I referenced some of the surprising personality convergence in my latest April Fools' post.
(had a similar result in ChatGPT Pro xhigh)
As a response to "How should I think about my tzedakah obligations this year" in incognito, ChatGPT gave some standard Jewish options but also (out of 6):
Suggesting I give 10-20% of my donations to "Highest-impact global giving" as a portolio that includes "local poor + Jewish safety net + food + self-sufficiency + one high-impact global fund," in line with Jewish values.
Definitely possible for the job prompt--do you have any thoughts on how else to ask the question about "best jobs" in a way that makes it clear that we mean "best" in the moral sense?
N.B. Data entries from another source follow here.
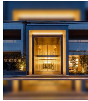
シーズ京都西大路五条 パークホームズ 2019年竣工
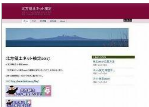
北方領土ネット検定サイト http://kentei.chishima.org/
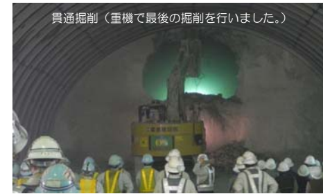
貫通掘削（重機で最後の掘削を行いました。）

(Again I did try varying the prompt a bit and the results seemed similar, but I always used the word "moral". I don't want to say something like "I don't mean best for me, I mean best for the world", since that's asking for a consequentialist answer.)
Other comments make me think the language wasn't a big factor, but trying to model what my college-aged self would have asked before hearing about EA: "what career will help other people the most" / "what career will make the world a better place"
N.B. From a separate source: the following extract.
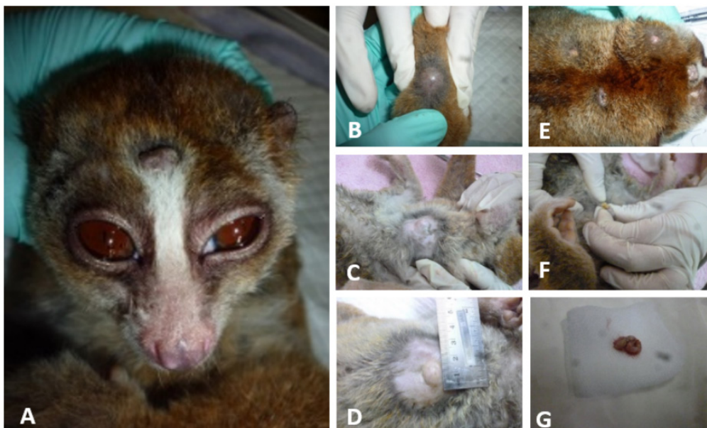
Gambar 1. Massa tumor (panah) tersebar pada hampir seluruh kulit bagian tubuh kukang baik kulit kepala (A), kulit kaki (B), kulit abdomen (C, D), dan kulit torak (E), serta pengeluaran material dari massa tumor (F-G).

Hasil hematologi menunjukkan nilai yang tidak terlalu signifikan, sementara itu hasil biokimia darah menunjukkan tingkat kalsium yang rendah (Tabel 1). Pemeriksaan foto x-ray menunjukkan tingkat opasitas yang rendah dari jaringan tumor dan gambaran sebaran tumor tidak tampak pada hasil

Okay, interesting--that's baking in an EAish (or at least consequentialist) framing that I was trying to cut out by just saying "most moral", but fair point that maybe EAs just use the word "moral" next to "jobs" unusually often and that outweighs this.
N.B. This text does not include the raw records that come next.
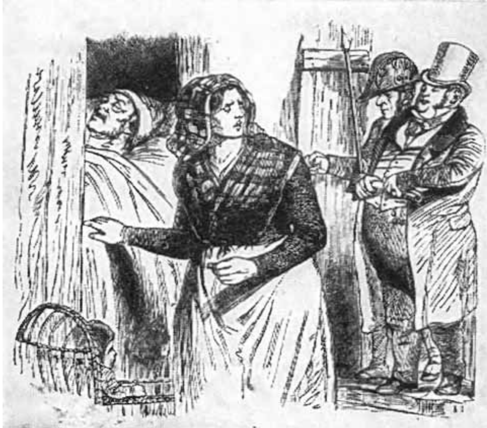
Жак. (Рисунки Гринвиля к песням Беранже.)
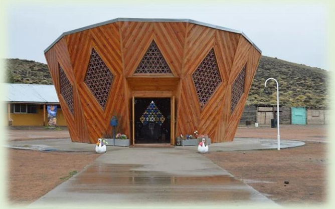
Santuario de Ceferino Namuncurá
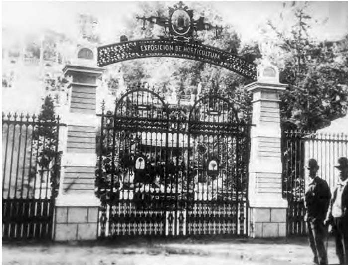
Fig. 6. Acceso a la exposición desde la plaza de la Constitución.

La muestra sirvió de marco excepcional para la arquitectura efímera. A ella se accedía desde dos entradas, una en la calle León y otra junto a la plaza de la Constitución, a través de una rampa y una escalinata diseñada para la ocasión por el citado Nicandro González Borges. La entrada principal era la situada en la plaza y en ella se colocó una bella portada flanqueada por dos pilares rematados por sendos jarrones y una verja con el título Exposición de Horticultura , diseñada por Felipe Machado y Benítez de Lugo y en la que podían admirarse una palmera y un drago 70 . Estaba inspirada en los arcos de entrada de las recientes exposiciones universales y una vez traspasada, un paseo con pequeños lagos y cascadas daba acceso a una rampa que comunicaba con el jardín y que estaba presidida por un gran kiosco de madera para la música (fig. 6). La muestra se estructuraba en extensos parterres, amplias rampas y elegantes kioscos para ciertas instalaciones privadas. Estaba dividida en cuatro secciones: plantas útiles y de adorno; flores y ramos; frutas, legumbres, horta-

In any case, yes, as Linch has pointed out, it seems these effects are small--trying your prompts now, they seem to produce answers about as EA-coded as the "morally speaking" one.
Replicated this on LM Arena with the strongest publicly available Chinese models.
Deepseek v4 pro-thinking:
Similar results with Qwen and Kimi (maybe slightly less extreme)
They also make sure to mention some EA global health charities alongside traditional Jewish ones under the "How should I think about my tzedakah obligations this year" condition. Didn't experiment with Muslim and Christian framings but I'd guess similar results given what I tried so far.
You should also ask them what blogs and bloggers they like. The answer might not surprise you!
Both Claude and Grok suggests very rationalist-adjacent bloggers in both incognito and the API. They also tend to favor FDT over decision theories academic decision theorists like more.